Samsung Electronics Vice Chairman, Jay Y. Lee, arrives at a court in Seoul, South Korea. Source: Reuters

A brief guide to possible picks for Samsung’s next CEO

SAMSUNG might be dominating the market in the smartphone and memory industry, but the multi-billion-dollar conglomerate is still in dire need of new leadership.

A recent report from The Investor stated that Samsung Electronics would likely announce an official reshuffle of its top brass after its upcoming earnings call, which is scheduled for October 31.

Samsung utilizes a three-CEO system, with one top executive in charge of each major branch of the tech giant’s most profitable businesses. Unfortunately for Samsung, each of its top CEOs has, for one reason or another, been sidelined.

Samsung Chairman Lee Kun-hee is currently hospitalized; co-vice chairman Jay Y. Lee is behind bars and more recently, co-vice chairman Kwon Oh-hyun also announced he is officially stepping down.

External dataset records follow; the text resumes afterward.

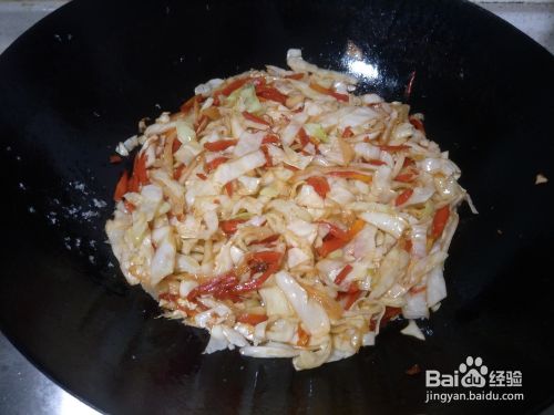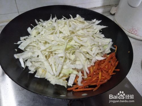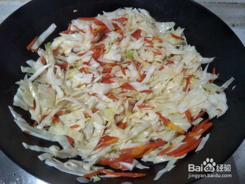 把胡萝卜丝和莲白丝炒熟,因为是宝宝吃,最好是比较软的那种。避免糊锅,可以开中小火炒,或者加少许的开水。
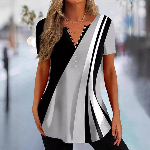 Yazlık Kadın Düğmeli Geometrik Desenli Günlük Giyim Üst
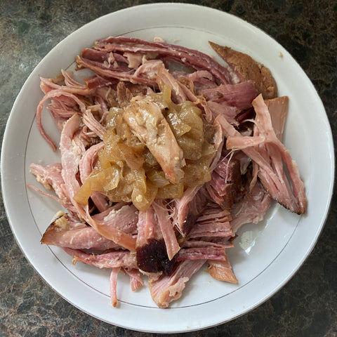 Servir avec des pommes de terre en purée ou des nouilles. Congeler les restes du jambon avec son jus dans des contenants hermétiques.
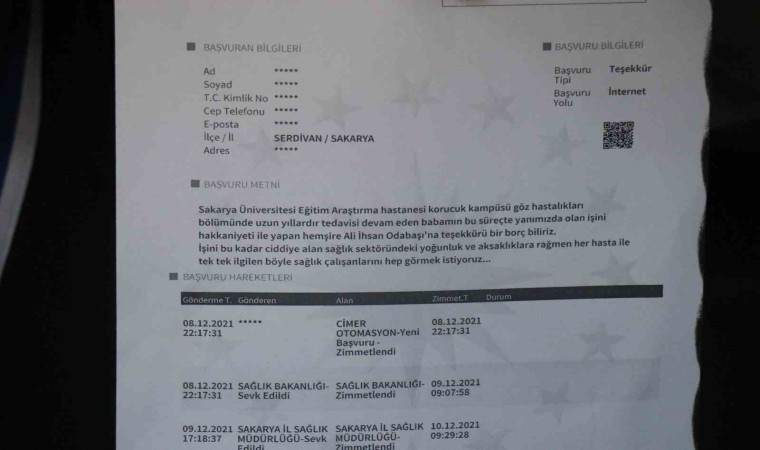 Sakarya Eğitim ve Araştırma Hastanesi Korucuk Kampüsü’nde Göz Polikliniği’nde sorumlu hemşire olarak çalışan Ali İhsan Odabaş, mesleğine ve hastalara gösterdiği ilgiden dolayı vatandaşların teşekkür yağmuruna tutuldu. Şu ana kadar CİMER’den 85 teşekkür belgesi alan Odabaş, “Sağlıkta şiddetin arttığı son dönemlerde bu tarz teşekkürlerin gelmesi oldukça mutlu ediyor. Gönül ister ki hiçbir şiddet olayı yaşanmasın, herkes sağlıklı bir şekilde tedavisini olarak mutlu bir şekilde hastaneden ayrılsın” dedi.
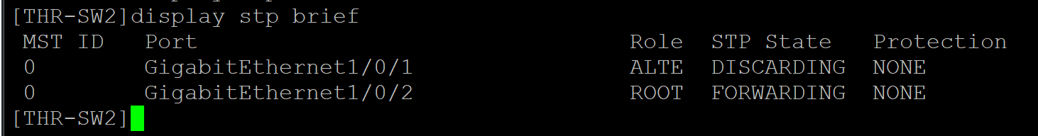 在SW2上查看接口状态,发现G1/0/1已经变成新的闭塞端口
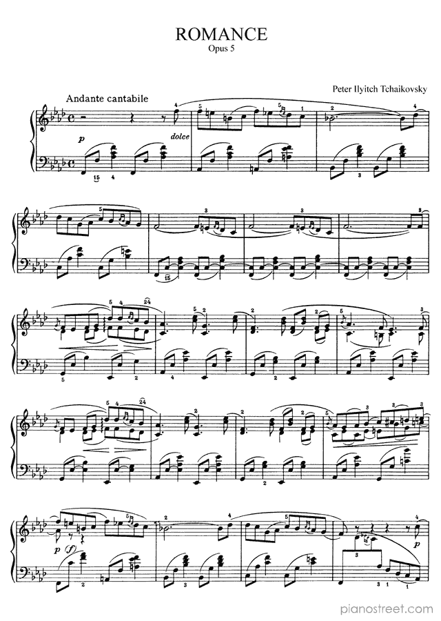 Romance Op. 5 in F Minor, a composition by the late romantic composer Peter Ilyitch Tchaikovsky who was born in 1840 and died in 1893. The piano score of this piece was first published in 1868 and is part of Tchaikovsky's Miscellaneous pieces.
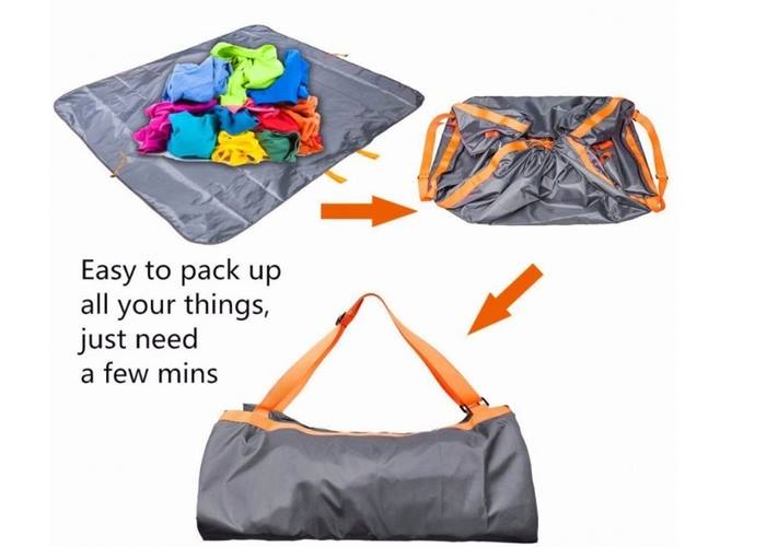 Τώρα με την πολυλειτουργική τσάντα - ψάθα δεν χρειάζεται να κουβαλάτε μαζί σας ψάθα ή επιπλέον πετσέτα όταν πάτε στην παραλία. Η τσάντα ανοίγει σε δευτερόλεπτα και γίνεται μια ψάθα διάστασης 146cm x 146cm και το αντίστροφο. Είναι κατασκευασμένη απο αδιάβροχο υλικό και το καλύτερο είναι ότι πλένεται στο πλυντήριο.
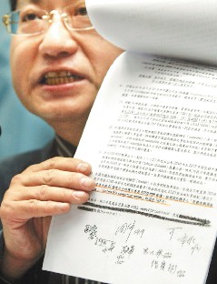 吴育升出示一份华航极机密公文,上面有赵国帅签名。 来源:台湾联合报
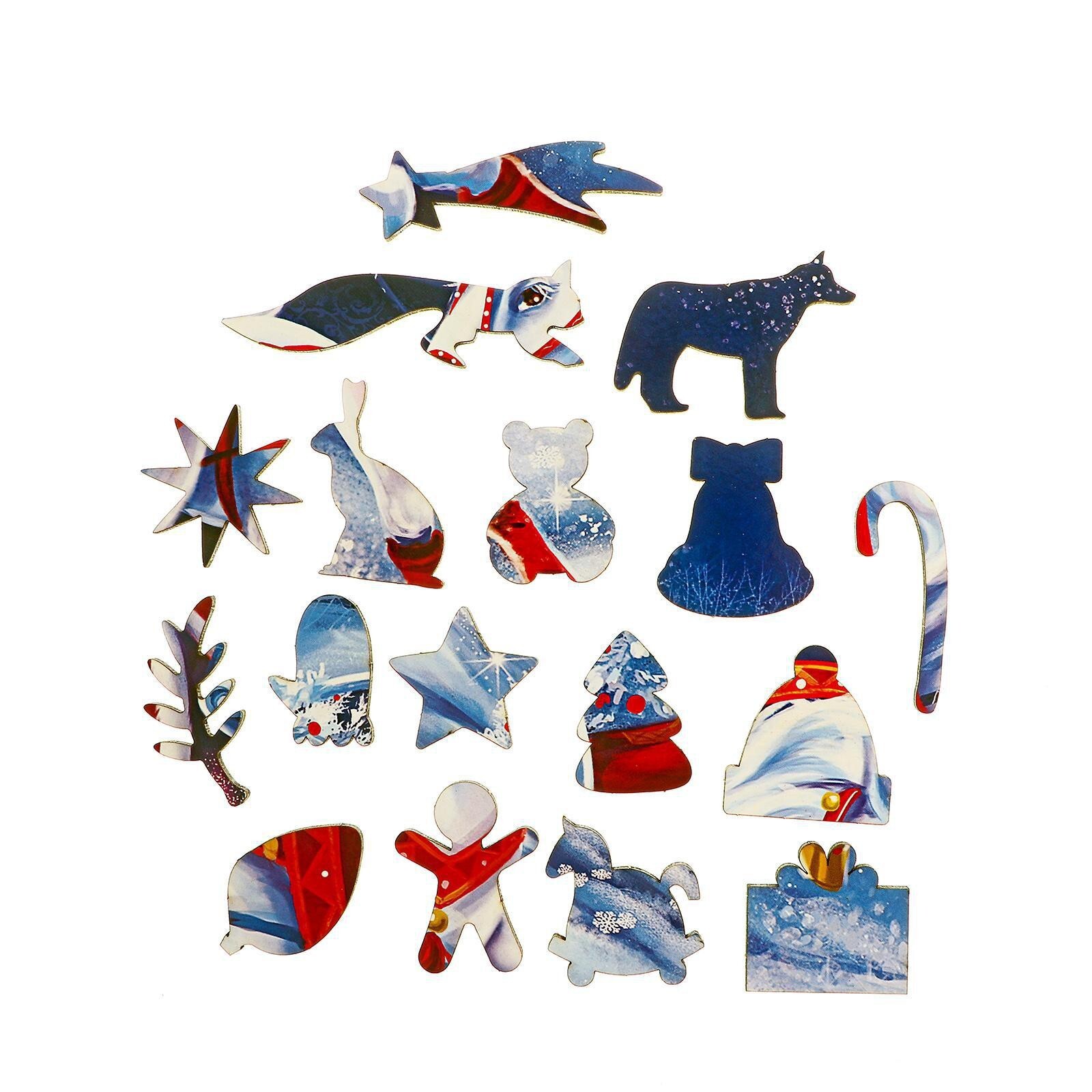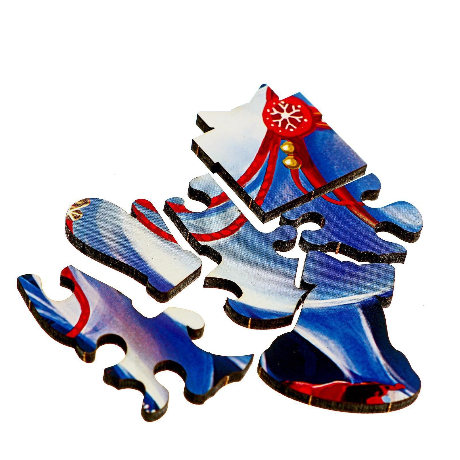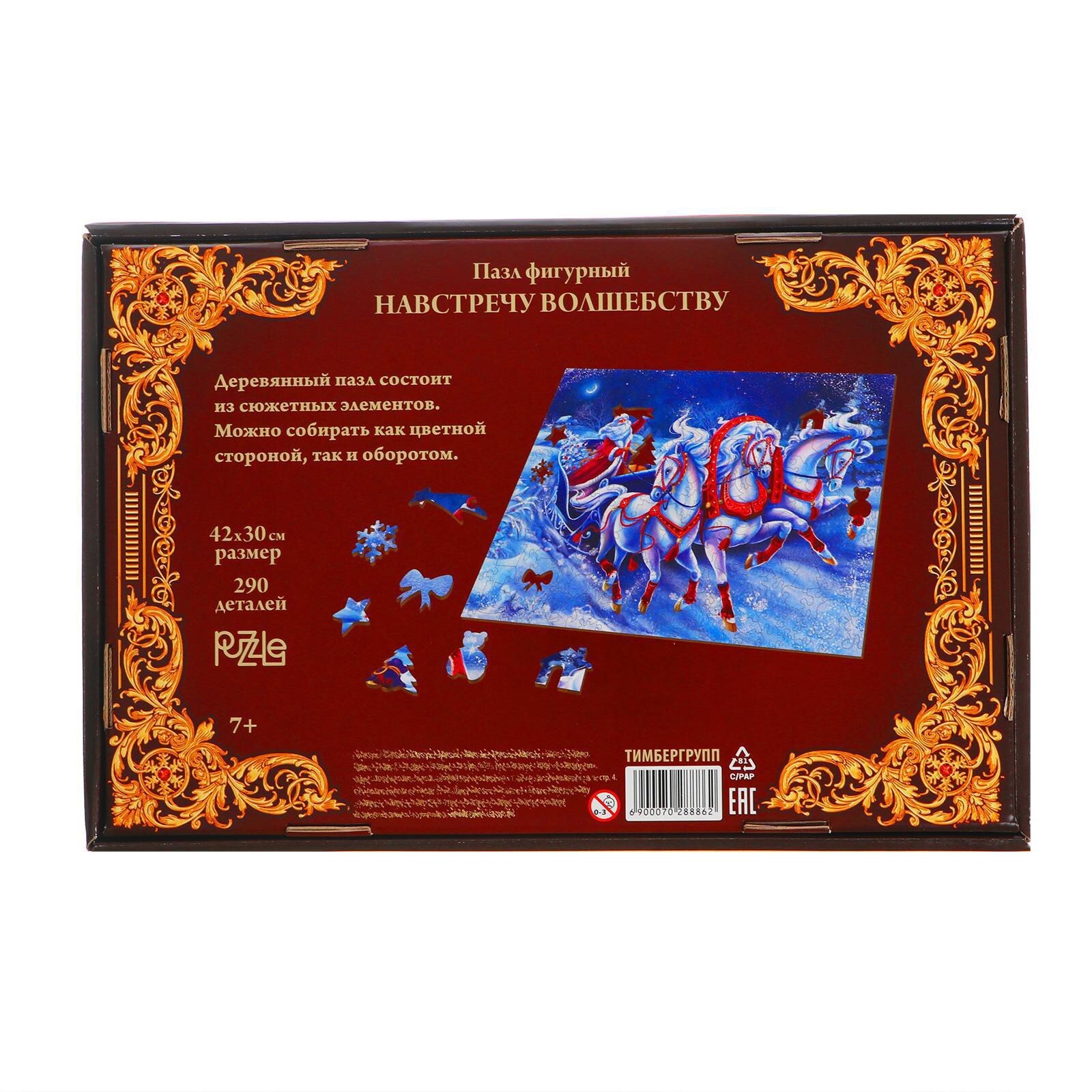 Большой красочный пазл изготовлен из дерева и складывается в сказочное новогоднее изображение Деда Мороза на санях, спешащего раздавать подарки. В коробке вы найдете двести девяносто деталей разной формы и размера.
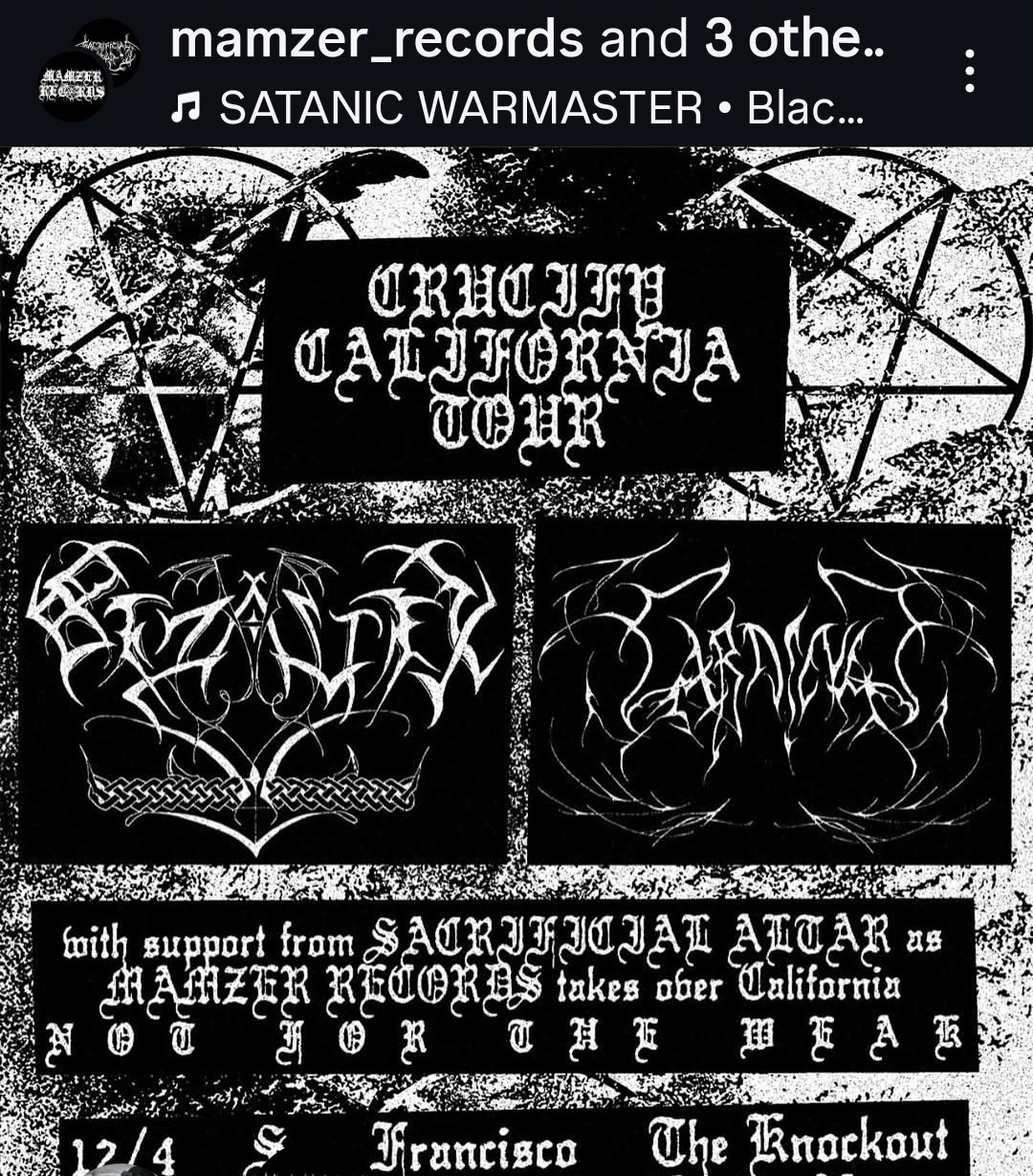 On January 24, there will be a black metal show at Neck Of The Woods featuring Bezaliel, an "occult black metal" band that may not seem like Nazis on the surface, but they still have acted in an extremely problematic way. The flyer is attached below. The names of the other bands are airbrushed out, as it is unknown whether the other bands on that slate, Sinister Sounds Booking, or Neck Of The Woods know the full extent of their toxic Trojan Horse fash behavior.
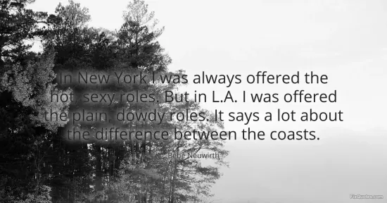 Neuwirth, Bebe. "In New York I was always offered the hot, sexy roles. But in L.A. I was offered the plain, dowdy roles. It says a lot about the difference between the coasts." FixQuotes. January 15, 2026. https://fixquotes.com/quotes/in-new-york-i-was-always-offered-the-hot-sexy-167025/.
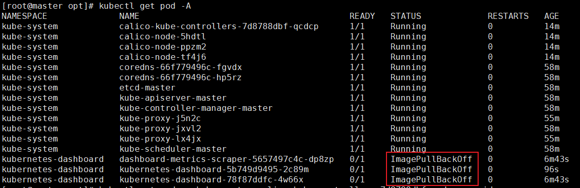 [root@master opt]# kubectl get pod,svc -n kubernetes-dashboard
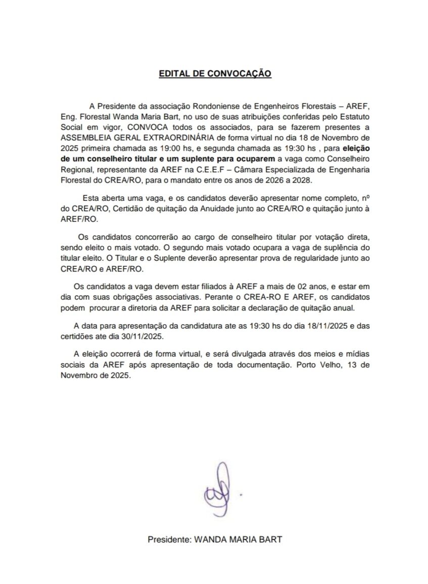 Aref convoca todos os associados, para se fazerem presentes a ASSEMBLEIA GERAL EXTRAORDINÁRIA de forma virtual no dia 18 de Novembro de 2025 primeira chamada as 19:00 hs, e segunda chamada as 19:30 hs , para eleição de um conselheiro titular e um suplente para ocuparem a vaga como Conselheiro Regional, representante da AREF na C.E.E.F - Câmara Especializada de Engenharia Florestal do CREA/RO, para o mandato entre os anos de 2026 a 2028
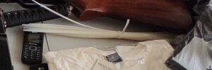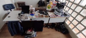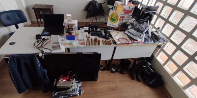 A PM de Apucarana encontrou na casa do suspeito, em Apucarana, uma pistola Glock. Carregadores alongados com capacidade para 30 tiros, espingarda com silenciador, muita munição. Um notebook roubado da transportadora de Maringá, documento falso que o suspeito tentou usar para enganar a PM, um televisor de tela grande, outros objetos a serem verificados. Contra o suspeito já pesavam dois mandados de prisão por outros crimes.
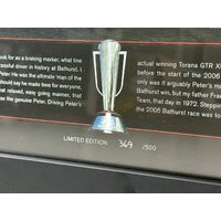 The item is a limited edition, with only 500 pieces available worldwide. Each piece is numbered and comes with a certificate of authenticity to ensure that it is a genuine collector’s item. The memorabilia features a high-quality photograph of Peter Brock and Craig Lowndes in action during the Bathurst 1000 race, presented alongside their authentic signatures. The photograph is professionally mounted and framed to provide a sleek and elegant finish.
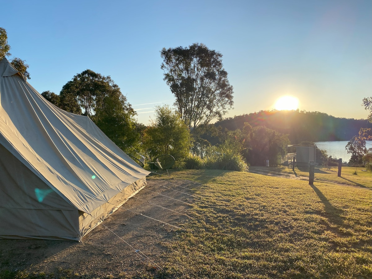 Escape from the hustle and bustle of day to day life and cozy up in one of our lakeside Bell Tents. Boasting waterfront views over Cooby Dam, and set on 50 acres of native bushland, our Bell Tents give you the perfect opportunity to disconnect from the outside world and reconnect with your loved ones. Cozy up around our Bunya View Bonfire, walk along the lake, explore the bushwalking tracks, take in the fresh air, and admire the stunning sunsets over Cooby Dam.
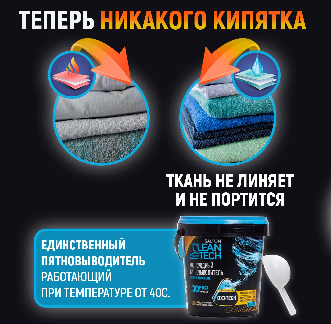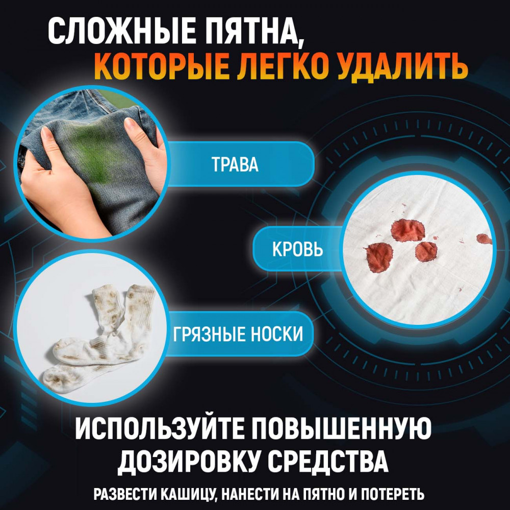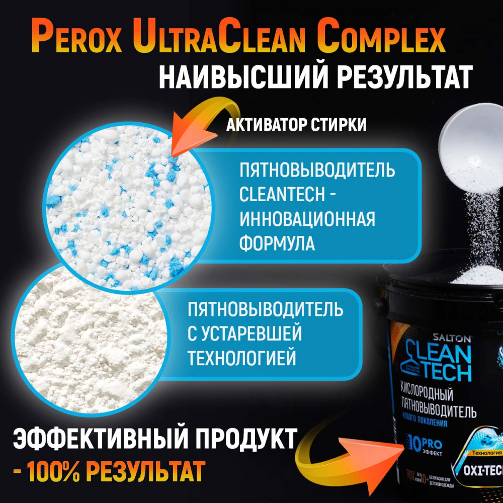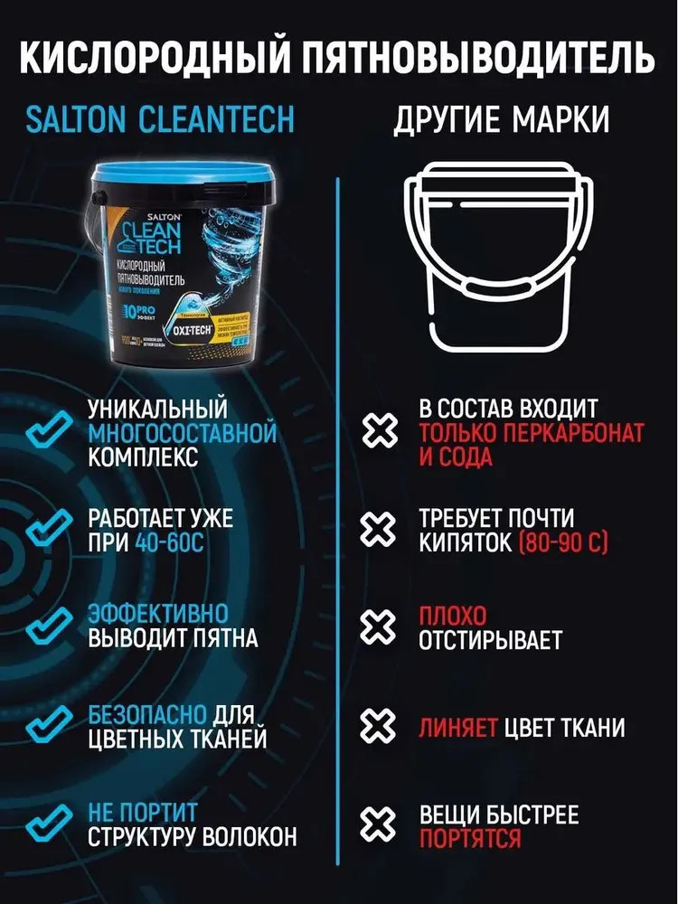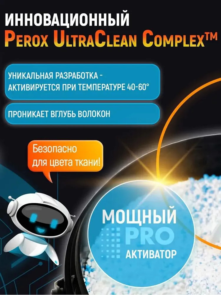 Этот уникальный чистящий порошок от пятен действует в десяти направлениях: эффективно и бережно устраняет большинство трудновыводимых пятен, отбеливает, освежает белье, безопасен для стирки детской одежды, для белых и цветных тканей, без хлора, SLS и фосфатов, нейтрализует неприятные запахи, а также усиливает действие любых других стиральных средств, легко очищает поверхности, удаляет жир. Без кипятка, без агрессивной химии, без вреда для вашей одежды.

Why is Kwon, the only viable alternative stepping down though? He said the company needed “young leadership” from this point forward, meaning it was time for aged veterans such as himself to make way for the new.

Considering that Samsung traditionally promotes employees from within the ranks of the company itself, Bloomberg Business has provided a list of executives that would most likely take the helm of South Korea’s biggest and most lucrative conglomerate.

Kim Ki-nam

Kim Ki-Nam speaks at Samsung’s 2017 Foundry Forum. Source: Samsung

Kim has helmed Samsung’s semiconductor business since 2014. Considering the fact that his division makes the most money for the conglomerate right now, there is a pretty good chance that the 59-year-old executive might be given the privilege of leading Samsung as it enters yet another era.

Kim is a favorite among analysts, mainly due to the success of Samsung’s chip-making business and the fact that he worked closely with the outgoing Kwon during the most progressive years of Samsung’s semiconductor division. Kim also fits the mold of Samsung’s leaders, having been employed by the company since 1981.

Shin Jong-kyun

Shin CEO and President of Samsung’s mobile and networking division. Source: Samsung Newsroom/Flickr

While Kim Ki-nam might hold the division with the biggest profits, Shin is the man behind what could only be Samsung’s most recognizable products – the Galaxy line of devices.

The 61-year-old Shin has been the president and CEO of Samsung’s mobile and networking businesses since 2012. During that time, the South Korean tech giant, through Shin’s smartphone brainchild, has dominated the industry, overtaking Apple and veterans such as Nokia and Sony in the mobile game.  

Yoon Boo-keun

Yoon, president of Samsung’s consumer appliances division. Source: Samsung Newsroom/Flickr

Yoon currently leads Samsung’s consumer appliances division, which develops and manufactures the South Korean tech giant’s lineup of appliances from 4K TVs to smart refrigerators. While Yoon also runs a successful major division of Samsung, however, his branch is also the one that earns the least amount of money.

Apart from this, Yoon is also 64-years-old, making him just a year shy of the outgoing Kwon’s age. With all these factors in mind, there is a pretty slim chance that Yoon could rise to be Samsung’s next CEO.

Lee Boo-jin

Lee, president and chief executive of Hotel Shilla, attends an opening ceremony of Shilla IPark Duty Free shop in Seoul, South Korea. Source: Reuters

Lee is the wild card on this list, primarily since the 47-year-old executive doesn’t really work for Samsung, per se. She does, however, have something that the other possible CEO candidates do not have: blood ties to Samsung’s founding family.

She does have some managerial experience, having led the successful Hotel Shilla Co. for the past few years. Those familiar with Lee’s business style have remarked that she takes after her father, Samsung Chairman Lee Kun-hee, with her charismatic and assertive style.

While Lee has the potential to push Samsung into its next generation, however, the tech conglomerate might risk some public outcry if it puts the 47-year-old executive on top of one of South Korea’s most important “chaebols” (family-owned conglomerates) at this point.

In fact, Lee’s connection to the family might be more of a curse than a blessing. Samsung has already been accused of giving too much control to its founding family. Lee’s brother, Jay, is currently in a PR nightmare as he continues to serve time in prison after he was indicted for corruption. 

Will Samsung play it safe and promote one of its tried-and-tested leaders, or will it take the plunge and do something unorthodox and controversial? The tech giant’s upcoming earnings call this Oct 31 will likely hold the answer.